On Mon, January 25, 2016 1:13 pm, Randall Badilla Castro wrote:
Hi guys: We are getting this graph from a webserver and the boos want a deeper explanation of it.
So AFAIK the conn test is a ping; so it will give and idea of how network is working and also can reflect how the server is performing serving request. (Note aside: I feel that TCP connection times from a ping test can be misleading, I mean ping is icmp which people calls 3.5 layer ).
Hi Randall,
The "conn" test is actually just a simple ICMP echo (the "TCP" there is a misnomer unfortunately; it's being graphed by the 'tcp' RRD interpreter). The test is identical to the output you'd get from a run of "fping -Ae" against a list of IP addresses, since that's actually what's happening on the backend :) (Unless you're using the legacy 'xymonping', but that was intended to do the same thing.)
[root at localhost ~]# fping -Ae 4.2.2.2 8.8.8.8 127.0.0.1 4.2.2.2 is alive (15.2 ms) 8.8.8.8 is alive (22.4 ms) 127.0.0.1 is alive (0.01 ms)
With your graph in particular, your average is in the microsecond range, but something bumped up to 18/20ms for long enough to factor into the RRD averaging for that period. RRD data is less granular over time, but you might be able to zoom in to get a better idea of the time frames.
It's possible something was happening on your monitor server... a quick way to rule it out is to see if all other network graphs have the same problem. More likely, there was an issue somewhere in the network.

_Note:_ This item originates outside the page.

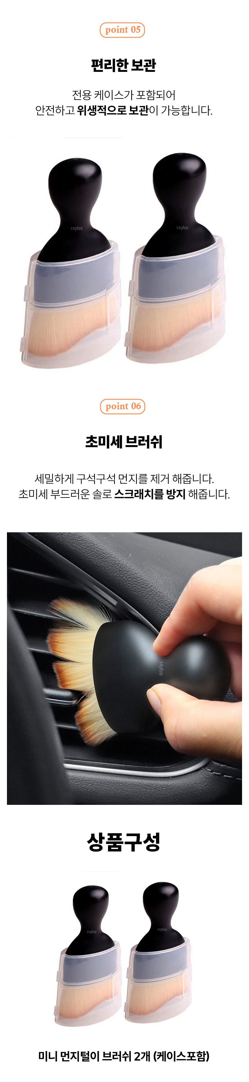 | 품명 및 모델명 | 앙플러스 차량 먼지 털이 제거 미니 브러쉬 단일색상 2개 | 인증/허가 사항 | 해당없음 |

The 'conn' test won't normally go red as long the destination is actually alive (returns a response before fping times out), but you can force an override by using the 'DS' syntax in analysis.cfg to cause an alert to happen at any particular arbitrary level:
For details on that, see https://xymon.com/help/manpages/man5/analysis.cfg.5.html#lbAN
HTH, -jc